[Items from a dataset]

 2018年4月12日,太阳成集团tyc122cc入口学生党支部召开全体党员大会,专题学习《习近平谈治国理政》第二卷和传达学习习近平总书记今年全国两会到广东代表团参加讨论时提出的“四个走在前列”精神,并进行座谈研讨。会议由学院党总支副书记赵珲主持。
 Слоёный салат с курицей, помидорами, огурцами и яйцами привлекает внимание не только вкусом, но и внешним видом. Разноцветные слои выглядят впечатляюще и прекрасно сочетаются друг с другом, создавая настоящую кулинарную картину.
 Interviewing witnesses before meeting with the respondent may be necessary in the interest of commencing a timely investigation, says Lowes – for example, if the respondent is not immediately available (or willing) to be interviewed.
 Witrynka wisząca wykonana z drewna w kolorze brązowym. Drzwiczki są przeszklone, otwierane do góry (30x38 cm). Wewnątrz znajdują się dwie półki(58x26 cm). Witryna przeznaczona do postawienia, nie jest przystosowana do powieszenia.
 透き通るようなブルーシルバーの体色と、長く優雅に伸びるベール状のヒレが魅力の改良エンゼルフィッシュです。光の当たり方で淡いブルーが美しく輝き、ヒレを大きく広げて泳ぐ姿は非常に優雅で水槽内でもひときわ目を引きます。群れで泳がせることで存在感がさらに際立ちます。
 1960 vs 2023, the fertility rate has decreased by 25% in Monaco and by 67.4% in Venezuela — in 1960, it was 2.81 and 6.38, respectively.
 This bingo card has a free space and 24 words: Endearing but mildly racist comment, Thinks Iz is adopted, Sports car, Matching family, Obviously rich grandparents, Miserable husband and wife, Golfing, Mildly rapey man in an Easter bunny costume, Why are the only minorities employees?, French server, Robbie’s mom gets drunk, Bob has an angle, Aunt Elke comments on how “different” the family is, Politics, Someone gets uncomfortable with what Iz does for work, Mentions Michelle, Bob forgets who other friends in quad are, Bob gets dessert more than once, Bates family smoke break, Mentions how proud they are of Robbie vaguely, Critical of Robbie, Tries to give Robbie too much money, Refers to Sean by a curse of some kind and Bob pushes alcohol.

* * *

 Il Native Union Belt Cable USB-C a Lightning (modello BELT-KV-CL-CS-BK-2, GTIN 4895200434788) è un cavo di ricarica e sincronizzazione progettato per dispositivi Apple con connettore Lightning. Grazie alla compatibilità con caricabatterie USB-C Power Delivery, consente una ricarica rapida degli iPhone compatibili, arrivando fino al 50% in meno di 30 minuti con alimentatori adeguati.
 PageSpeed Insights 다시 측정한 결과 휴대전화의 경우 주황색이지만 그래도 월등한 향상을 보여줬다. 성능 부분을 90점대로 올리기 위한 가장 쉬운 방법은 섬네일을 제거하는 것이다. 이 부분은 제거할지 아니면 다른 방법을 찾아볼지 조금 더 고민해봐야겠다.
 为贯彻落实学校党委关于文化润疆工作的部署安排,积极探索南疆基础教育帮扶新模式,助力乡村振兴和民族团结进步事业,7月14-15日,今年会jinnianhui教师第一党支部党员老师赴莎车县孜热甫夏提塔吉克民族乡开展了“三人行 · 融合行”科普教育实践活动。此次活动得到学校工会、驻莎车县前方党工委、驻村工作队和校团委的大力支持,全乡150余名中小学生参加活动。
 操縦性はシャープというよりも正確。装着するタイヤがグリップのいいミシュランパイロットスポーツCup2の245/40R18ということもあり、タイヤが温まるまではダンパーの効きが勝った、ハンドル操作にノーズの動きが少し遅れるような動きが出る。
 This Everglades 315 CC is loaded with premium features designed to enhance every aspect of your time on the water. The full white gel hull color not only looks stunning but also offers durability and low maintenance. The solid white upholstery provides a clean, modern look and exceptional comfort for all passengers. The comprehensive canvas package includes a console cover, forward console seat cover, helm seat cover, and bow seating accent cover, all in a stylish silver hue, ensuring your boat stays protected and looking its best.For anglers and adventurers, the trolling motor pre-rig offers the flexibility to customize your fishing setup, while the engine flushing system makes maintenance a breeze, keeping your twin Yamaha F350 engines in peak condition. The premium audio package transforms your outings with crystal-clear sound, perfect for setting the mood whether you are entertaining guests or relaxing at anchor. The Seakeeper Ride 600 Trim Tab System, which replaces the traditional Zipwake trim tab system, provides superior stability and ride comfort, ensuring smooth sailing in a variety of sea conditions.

- TASK TO COMPLETE
Write out exactly the lines above between the line with "透き通るようなブルーシルバー" and the line with "1960 vs 2023, the", inclusive, and nothing beyond them.

- ANSWER FOR THE TASK
 透き通るようなブルーシルバーの体色と、長く優雅に伸びるベール状のヒレが魅力の改良エンゼルフィッシュです。光の当たり方で淡いブルーが美しく輝き、ヒレを大きく広げて泳ぐ姿は非常に優雅で水槽内でもひときわ目を引きます。群れで泳がせることで存在感がさらに際立ちます。
 1960 vs 2023, the fertility rate has decreased by 25% in Monaco and by 67.4% in Venezuela — in 1960, it was 2.81 and 6.38, respectively.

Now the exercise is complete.